There’s about a million racial, gender, and political considerations wrapped up in all of this, which largely have to do with “correcting the record” to properly acknowledge traditionally undervalued perspectives, but to save some time: Whether Maine is acting like a toxic rockist or a concerned husband (he and Ally get married halfway through the movie) is wholly dependent on your exposure to these ideas, which have completely revamped the nature of criticism over the last decade.
In the more accurate version of A Star Is Born, we’d see the critics bemoaning Ally’s shift from gritty folky realism to gleaming pop artifice, followed by the other critics accusing them of being too uptight. We’d see her Twitter fans battle over which sound they liked more, whether or not she should divorce Jackson after he embarrasses her at the Grammys, whether she should forcefully repudiate the election of Donald Trump. We would get all of the projection, and less of the actual music.
Instead, there’s none of this, and the movie is viscerally appealing enough to push aside all the broader critical concerns about the underpinning ideologies. It’s a movie, to be watched in a vacuum, to take your mind off whatever bullshit is happening in the world.
Which brings me to: What if Taylor Swift could just be a charismatic and engaging pop star, without anyone caring about what was underneath the work? Of course, one big difference between A Star Is Born and Taylor Swift’s beliefs is that movies are purposefully fictional; Bradley Cooper’s real thoughts about pop music don’t matter, and the political motivations of his two-dimensional characters can remain blessedly unexamined if the story is fun enough.

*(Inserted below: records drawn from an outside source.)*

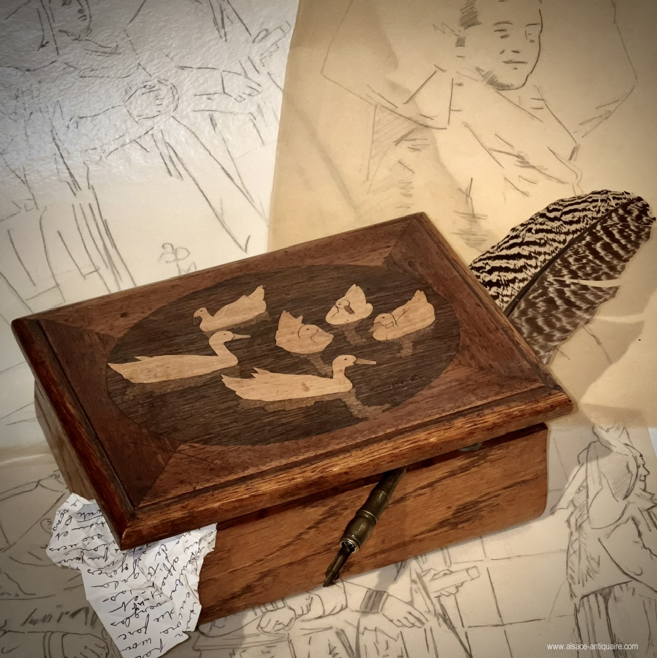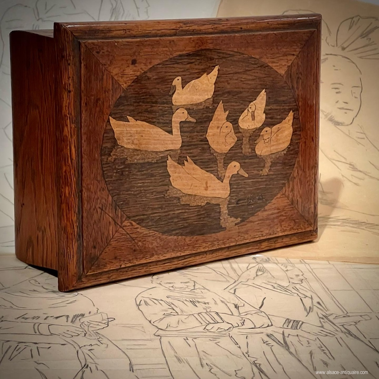 Rectangular box, lid assembled with miter cuts with central oval-shaped medallion and charming family decoration of ducks evolving on the water. Signed Charles Spindler: C.Spindler in the medallion. The drawings are by Many Benner, studies made as part of the Geispolsheim processions.
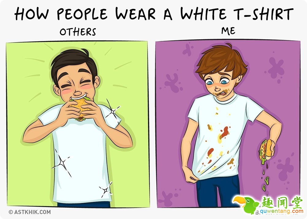 别人穿白T吃东西都没事,我每次都会把白T给毁了。
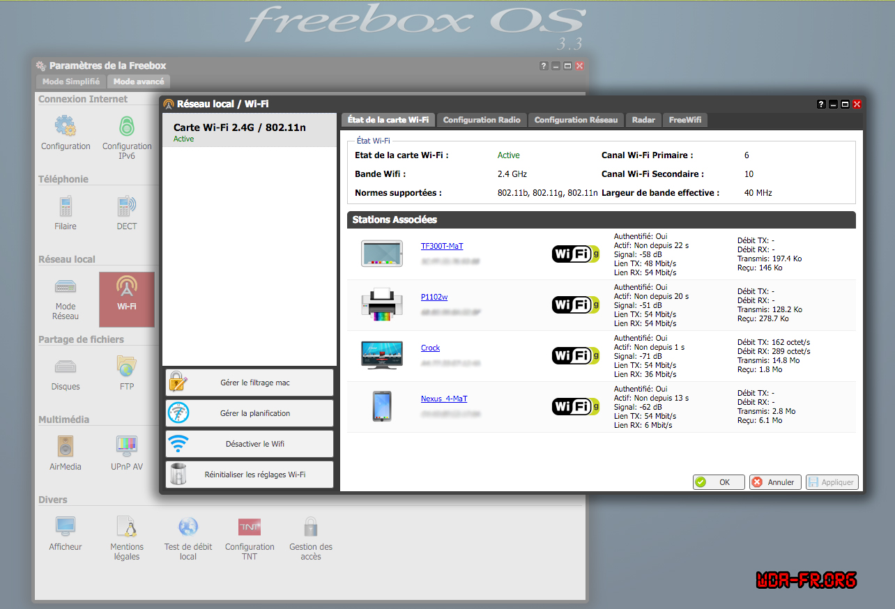 - Réglages WiFi de la Freebox v6 ("Revolution") via le tableau de bord interne de la Freebox v6 ("Revolution").

But Swift has spent so much time presenting herself as accessible and relatable — a struggling artist, not an untouchable superstar — that she had almost no choice but voice her thoughts, lest she be continually criticized for what she doesn’t say, lest she continue to relate to her fans, who grapple with the issues of the day to her music in the background. There’s so much discussion surrounding the minutiae of every pop star’s life that their work can feel secondary to what they supposedly represent. Is it better this way, opposed to information-deprived era of years past in which everyone sort of cared about what their celebrities thought, but there was no mechanism through which to know what they thought all the time about every single thing? I don’t think so. But if you present yourself for consumption, you’re going to get eaten, and even someone as massively popular and controlled as Taylor Swift finally realized she’s no exception.